Reading a file directly from zip archive
If you need a british word list your linux can help (if the british dictionary is installed). If not you can get it from several sources. I choosed the zip-compressed file from pyxidium.co.uk and included it in a small python script.
Zip-files are a container format. You can put many files in it and have to choose which file you want to decompress from the ZIP-file. In the example I will fetch the ZIP achive into memory and unzip the file en-GB-wlist.txt
directly.
- import zipfile, os, StringIO, urllib
- def openWordFile():
- #reading english word dictionary
- pathToBritishWords = "/usr/share/dict/british-english"
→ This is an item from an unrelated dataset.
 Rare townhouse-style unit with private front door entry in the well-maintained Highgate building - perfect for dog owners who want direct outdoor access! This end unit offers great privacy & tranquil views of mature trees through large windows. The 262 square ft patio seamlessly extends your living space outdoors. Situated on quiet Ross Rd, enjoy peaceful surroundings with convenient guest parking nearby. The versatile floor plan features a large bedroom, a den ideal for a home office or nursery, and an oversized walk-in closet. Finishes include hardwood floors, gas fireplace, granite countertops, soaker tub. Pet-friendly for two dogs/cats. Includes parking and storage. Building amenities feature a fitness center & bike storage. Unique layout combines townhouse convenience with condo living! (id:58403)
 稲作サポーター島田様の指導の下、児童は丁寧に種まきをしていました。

- uriToBritshWords = "http://en-gb.pyxidium.co.uk/dictionary/en-GB-wlist.zip"
- if os.path.isfile(pathToBritishWords):
- fp = file(pathToBritishWords)
- else:
- #fetch from uri
- data = urllib.urlopen(uriToBritshWords).read()
- #get an ZipFile object based on fetched data
- zf = zipfile.ZipFile(StringIO.StringIO(data))
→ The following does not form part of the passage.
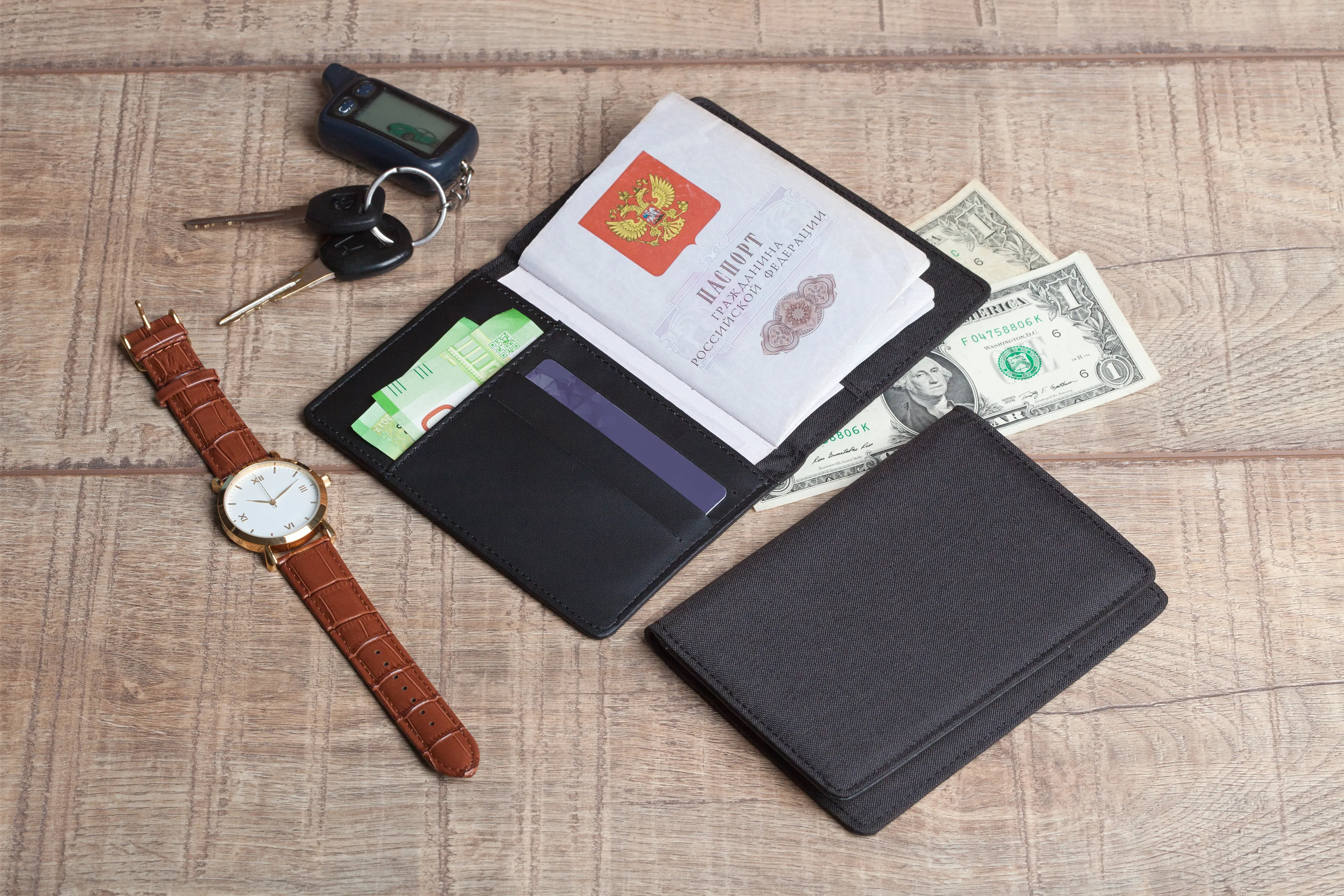 Обложка для паспорта с RFID — защитой и отделом для банковских карт — отличный аксессуар, который защитит документы от удаленного считывания данных. Прекрасный вариант подарка для путешественника.

- #read one file directly from ZipFile object
- fp = zf.open("en-GB-wlist.txt")
- return fp
- #read all lines
- words = openWordFile().readlines()
- print "read %d words" % len(words)
If you want to read directly from a RAR file you have to install the rarfile module.
- sudo easy_install rarfile
The module use the command line utility rar/unrar, but the usage is the same like the zipfile module.
- import rarfile
- rf = rarfile.RarFile("test.rar")
- fp = rf.open(“compressed.txt”)
Use gzip compression while fetching web pages
The speed of fetching web pages has many parameters. To save the important parameter band width you should fetch http resources compressed. Every modern browser support this feature (see test on browserscope.org) and every webserver should be able to compress the text content.
Your HTTP client must send the HTTP header “Accept-Encoding” to offer the possibility for compressed content. And you have to check the response header if the server sent compressed content. A web server can ignore this request header!
- import urllib2, zlib, gzip, StringIO, sys
- uri = "http://web.de/index.html"
- req = urllib2.Request(uri, headers={"Accept-Encoding":"gzip, deflate"})
- res = urllib2.urlopen(req)
- if res.getcode()==200:
- if res.headers.getheader("Content-Encoding").find("gzip")!=-1:
- # the urllib2 file-object dont support tell/seek, repacking in StringIO
- fp = gzip.GzipFile(fileobj = StringIO.StringIO(res.read()))
- data = fp.read()
- elif res.headers.getheader("Content-Encoding").find("deflate")!=-1:
- data = zlib.decompress(res.read())
- else:
- data = res.read()
- else:
- print "Error <%s> while fetching ..." % res.msg
- sys.exit(-1)
- print "read %s bytes (compression: %s), decompressed to %d bytes" % (
- res.headers.getheader("Content-Length"),
- res.headers.getheader("Content-Encoding"),
- len(data))
As a developer I did not found the automatic support for gzip-enabled HTTP requests for HTTP clients in different libraries. And python dont offer the support build-in too. Copy/paste this lines in your next project or convert it in your favorite language and your HTTP request layer will become faster.
conclusion
One disadvantage: your software will consume some percent more cpu to decompress the data on-the-fly and will be slower on your local machine. Python use the c-binding to the zlib and is fast as any other component and in a network environment you can messure the benefit.
- Login to post comments
Comments
Savraj (not verified) - Mon, 10/17/2011 - 13:35
I was recently impressed by the built-in gzip handling in Python -- it's pretty cool, funny to see a story about it now. :)
Anonymous (not verified) - Mon, 10/17/2011 - 14:38
You should use context managers with file objects. ie:
That way the context managers will handle the cleaning up for you (which you haven't done in your examples! It's important to close files to free up file descriptors once you're done with them).
hdaz (not verified) - Tue, 01/31/2012 - 13:01
hmm why would you not just use linux core commands ??
zcat
zdiff
zegre
zcmp
zfgrep
zgrep
zless
zmore
Christian (not verified) - Wed, 02/01/2012 - 19:23
This blogpost describes the build-in support for python. Because if you want to use compressed support in the google app engine there is no support for linux command line tools.